Encapsulating sulfur into a hybrid porous carbon/CNT substrate as a cathode for lithium–sulfur batteries

Abstract

A hybrid carbon substrate as a sulfur immobilizer is obtained via simple processes to fabricate cathode materials for lithium–sulfur batteries. The microstructure and morphology of the sulfur/carbon composites are characterized by X-ray diffraction (XRD), scanning electron microscopy (SEM) and transmission electron microscopy (TEM). It is demonstrated that commercial carbon black and multi-walled carbon nanotubes (CNTs) in the hybrid substrate cooperate well with each other in an appropriate mass ratio. In particular, a large sulfur content of 81.7 wt% can be loaded into the hybrid carbon substrate forming the sulfur/carbon composite. When the mass ratio of carbon black and CNTs is 1 : 1, the composite delivers a high initial capacity of 837.3 and 685.9 mA h g⁻¹(composite) at the current densities of 80 and 160 mA g⁻¹(composite) when used as a cathode-active material.
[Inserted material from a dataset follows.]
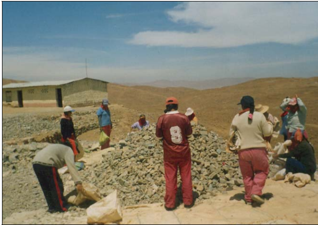
7. Mujeres pallaqueras se han agrupado en pro de su desarrollo en temas de seguridad y de mejora económica.

The discharge capacity remains at 554.4 mA h g⁻¹(composite) at a current density of 160 mA g⁻¹(composite) after 150 cycles, indicating a low capacity fading of about 0.12% per cycle. Besides, the composite offers a high Coulombic efficiency of about 100%. The significant improvements in the electrochemical performance are associated with the desirable combination of carbon black and CNTs in the hybrid carbon substrate. Therefore, this work proposes a low-cost and effortless approach to prepare sulfur/carbon composites with high performance as cathodes for lithium–sulfur batteries.